C’ERA UNA VOLTA IN INGHILTERRA di Shane Meadows

REGIA: Shane Meadows
SCENEGGIATURA: Paul Fraser, Shane Meadows
CAST: Robert Carlyle, Rhys Ifans, Shirley Henderson
NAZIONALITÀ: UK
ANNO: 2002 
TITOLO ORIGINALE: Once upon a time in the Midlands

AMORE DI POVERTÀ NON CONOSCE GUERRA

Quasi un decennio di cortometraggi, Ventiquattrosette, A room for Romeo Brass e C’era una volta in Inghilterra, prima del capolavoro-distillato Dead man’s shoes. E nello spogliarsi, nel giungere alla violenza/vendetta pura, all’urlo provinciale d’amore (fraterno) di quest’ultimo, eliminare, trattare (chimicamente), separare dal superfluo, passare per l’amore classico ma obbligato, quello fatto di rinuncia, compromesso, errore, relegazione proletaria d’incompiuta volontà, reso inautentico dalla gestazione tutta organica con la realtà. Prima che le scarpe dell’uomo morto si sporcassero di fango e sangue e perfezione del violentarsi ed allucinarsi tranciando via per farsi payback e disperato sentimento cristallizzato, eccoli tutti i limiti, uno per uno.

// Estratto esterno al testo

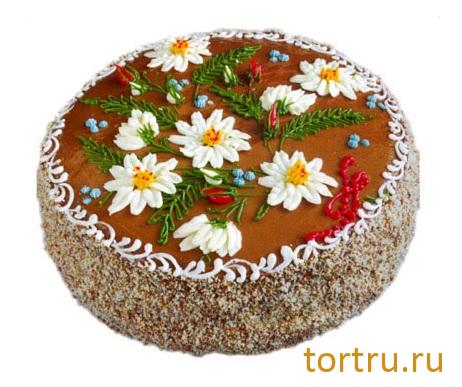 Медовые коржи прослоены вареным сгущенным молоком. Боковая часть торта обсыпана бисквитной крошкой. Оформлен цветами из крема. Серия домашних тортов.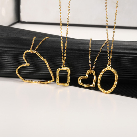 ไม่จางหาย18พันทองชุบสแตนเลสหัวใจเครื่องประดับวงกลมที่ผิดปกติสร้อยคอจี้ออกแบบเครื่องประดับ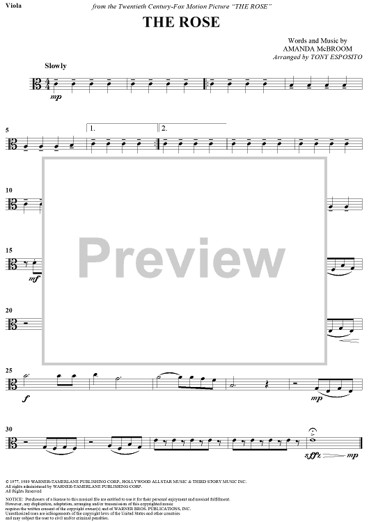 Digital Sheet Music for The Rose - Viola by , Tony Esposito, Amanda McBroom scored for String Quartet; id:317408

Se in Dead man’s shoes l’elevarsi e il compiersi possono (devono) avvenire è perché C’era una volta in Inghilterra parla degli ostacoli, dell’impossibilità di tempeste autentiche nel verismo castrante: vivaio di desideri spezzati, di arrancare consapevolmente vano, di passeggiate attraverso il romanticismo in una stanza chiusa, fatta di città, salvataggi (d’una vita tranquilla), palliativi e pallore del familiare, rimorsi, soluzioni che non possono essere definite e definitive, delle correzioni storte a deviazioni che non possono essere (e non sono mai state) simmetriche.
Odora di b(u)on(a volon)tà, C’era una volta in Inghilterra: personaggi che si muovono dentro un cuore fatto da un ventricolo ipertrofico ed uno sostituito da una pietra sporca ed inquinamento, vincente sul primo. Muoversi di Meadows negli spazi e tra i volti congeniali, foto sbiadita per raccontare (e forse crocifiggere, e di certo isolare) l’esistere sbiadito a sua volta, quello degli ideali(smi e delle idealizzazioni) nati ostaggi di compromessi. Guerra, forse. Vittoria, mai.

Tutti cercano, e trovano, e smarriscono, ma a metà, e Meadows non dà una luce da rincorrere, in consapevole miseria. Non si perde e non si vince, nel Cinema di Meadows: c’è l’angelo nero di Dead man shoe’s che compie, i putti alati punk di This is England che girano in tondo, e quelli di C’era una volta in Inghiterra hanno le ali grigio smog e non possono nemmeno volare, cielo di plastica Midlands addosso cui hanno già sbattuto e che non guardano più come lo conoscessero a memoria, e noi vediamo la vita-convalescenza a cui sono condannati. Prima ancora della speranza, Meadows nasconde nel maltempo (cronologico) l’oggetto stesso da sperare, allontana gli eroi e gli antagonisti rendendo tutti protagonisti o tutti comparse (rispetto alla desolazione onnipresente), elimina e tesse solamente il sorriso della rassegnazione, dell’accettabilità, della povertà ladra di spazio all’esaltazione, come di respirare senza bisogno di un cuore che batta, come di vivere senza avere il potere di lasciar vivere nessuno, sommessi e sommersi uno per uno, come che tutto sia falso e vada bene così, incapsulati tutti i visi nel guscio/crosta working class, sotto la patina della rassegnazione, senza compiacimento registico – il feticismo pseudosociologico che Meadows non ha mai avuto – per un aldilà cinematografico disincantato invece che per un raccapricciante reale aldiquà, per i fantasmi narrati dei vivi inesistenti.